I dragged it across the floor toward the garden-section check-out. It made a terrible ruckus. Other shoppers stopped to look. I admit, I might have been a little less quiet than I usually am. By now, I was curious: what would it take to get the attention of the handy-dandy Home Depot man? There were plenty around. They were busy helping the blond 20-something in the Daisy Dukes. She must have needed lots of help, because three of them were assisting her. Not one broke away to help me with the stock tank.
That was my first realization that I was a Tweener.
Tired.
Two years ago, my husband and I hauled a couple of horses to New Mexico for a long ride. We had barely left our town when one of our week-old tires blew on the trailer. I wasn't worried; we had a new spare, too. We had the drive-up trailer ramp to make changing it easy; we had the lug wrench. Unfortunately, we did NOT have the ginormous wrench necessary to remove the single bolt that stored the spare tire on the trailer.
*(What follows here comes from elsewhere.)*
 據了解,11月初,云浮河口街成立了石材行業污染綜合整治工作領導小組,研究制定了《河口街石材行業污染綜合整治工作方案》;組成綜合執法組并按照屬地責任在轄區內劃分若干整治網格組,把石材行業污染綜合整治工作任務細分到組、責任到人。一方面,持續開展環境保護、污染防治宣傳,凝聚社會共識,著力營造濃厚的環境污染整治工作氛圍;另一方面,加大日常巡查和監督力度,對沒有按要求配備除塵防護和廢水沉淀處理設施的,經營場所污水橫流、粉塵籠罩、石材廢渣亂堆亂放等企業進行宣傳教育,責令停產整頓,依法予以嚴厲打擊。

We unhooked the trailer and my husband headed off 60 miles to the nearest town to buy a new tire. There I sat, in the heat of our Arizona summer, beside the highway with a fully-loaded horse trailer and no truck in front of it. Two horses peeped their noses out the window as cars and trucks passed.
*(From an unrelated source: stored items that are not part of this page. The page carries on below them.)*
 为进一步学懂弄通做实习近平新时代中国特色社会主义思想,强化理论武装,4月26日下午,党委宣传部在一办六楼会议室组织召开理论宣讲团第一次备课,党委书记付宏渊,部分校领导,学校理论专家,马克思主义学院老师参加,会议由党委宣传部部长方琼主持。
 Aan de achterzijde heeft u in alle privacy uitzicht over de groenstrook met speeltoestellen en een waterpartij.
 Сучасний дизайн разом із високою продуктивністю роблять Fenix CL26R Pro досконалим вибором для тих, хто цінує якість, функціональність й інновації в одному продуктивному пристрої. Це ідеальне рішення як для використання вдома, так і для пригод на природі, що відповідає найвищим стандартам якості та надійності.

Not a single person stopped. I moved my upside-down bucket closer to the road to be more visible, carefully watching traffic for safety reasons. I was clearly a female in distress. Not a single truck slowed ... not a car pulled over. It was 110 degrees. No one stopped.
When my husband returned, I unloaded on him. "Nobody even stopped to ask if I needed help! They could see I was here with two horses, alone with a flat tire, and not a single person stopped!" He looked at me, wrench in hand, and calmly said, "I own ya, and I didn't want to stop, either."
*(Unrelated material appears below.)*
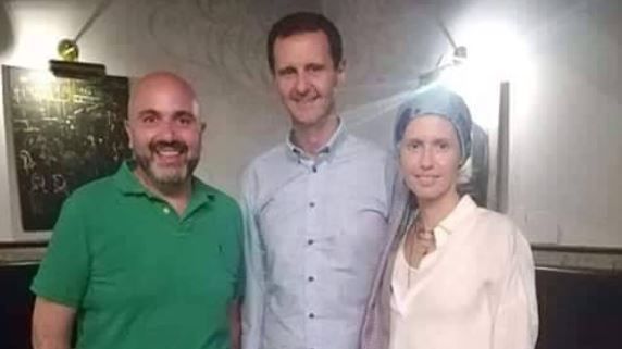 وظهرت أسماء الأسد رفقة زوجها وأبنائها في أحد مطاعم دمشق القديمة، واضعة غطاء للرأس “منديل” على رأسها.

It was a great epiphany: not only was I a Tweener, but my damsel-in-distress was broken.
Wiped out.
The humiliations of middle-age weren't finished with me, yet. A couple of months ago, my beloved and I were again on the road -- headed north to a classic car show in Prescott, where my husband's band was scheduled to play. To our surprise, the skies opened up and rain fell from them. It had been dry for so long, I hadn't used the windshield wipers in months. My husband turned them on and we watched, bemused, as the wiper arm crossed the windshield dragging the rubber blade far behind it. The desert sun had killed the wipers. I convinced my "we'll just drive through it," husband to stop at a car parts shop for replacement blades. Blades in hand, we continued on in the rain, running late for the show.
On break time, my husband asked me, "Did you get the blades on yet?" No, I said; that was his job. I'd purchased them; he could attach them. (Besides, I didn't have my "cheaters," and couldn't read the fine print on the enclosed instructions.) My darling chuckled and returned to the makeshift stage. At next break, he returned. "Did you put them on yet?" he asked. "No," I repeated. Soon, the show was ending. The rain was pouring down. We had a 90 mile drive ahead. I held the wipers out to my husband and gestured to the car. "I don't have my tools," he said. I said to him, "Back in the day, honey, I would just stand by the car, looking at the wipers, and some guy would come over and install them for me!" He shrugged. "Get to it!"
That was it. We were at a car show, for crying out loud. I was on a mission. I approached some young guy in a Model A. "Hey! Do you know how to put these on?" I asked, waving the wipers in front of him. "I think so," he said. "Come with me!" I ordered. He silently complied. Within minutes, he had those wipers on -- no tools required. I thanked him profusely and, rain-soaked, he headed back to his car.
I smiled at my husband, and said, "I still got it!" At that, he gently patted my arm and said, "He probably just lost his mother, dear."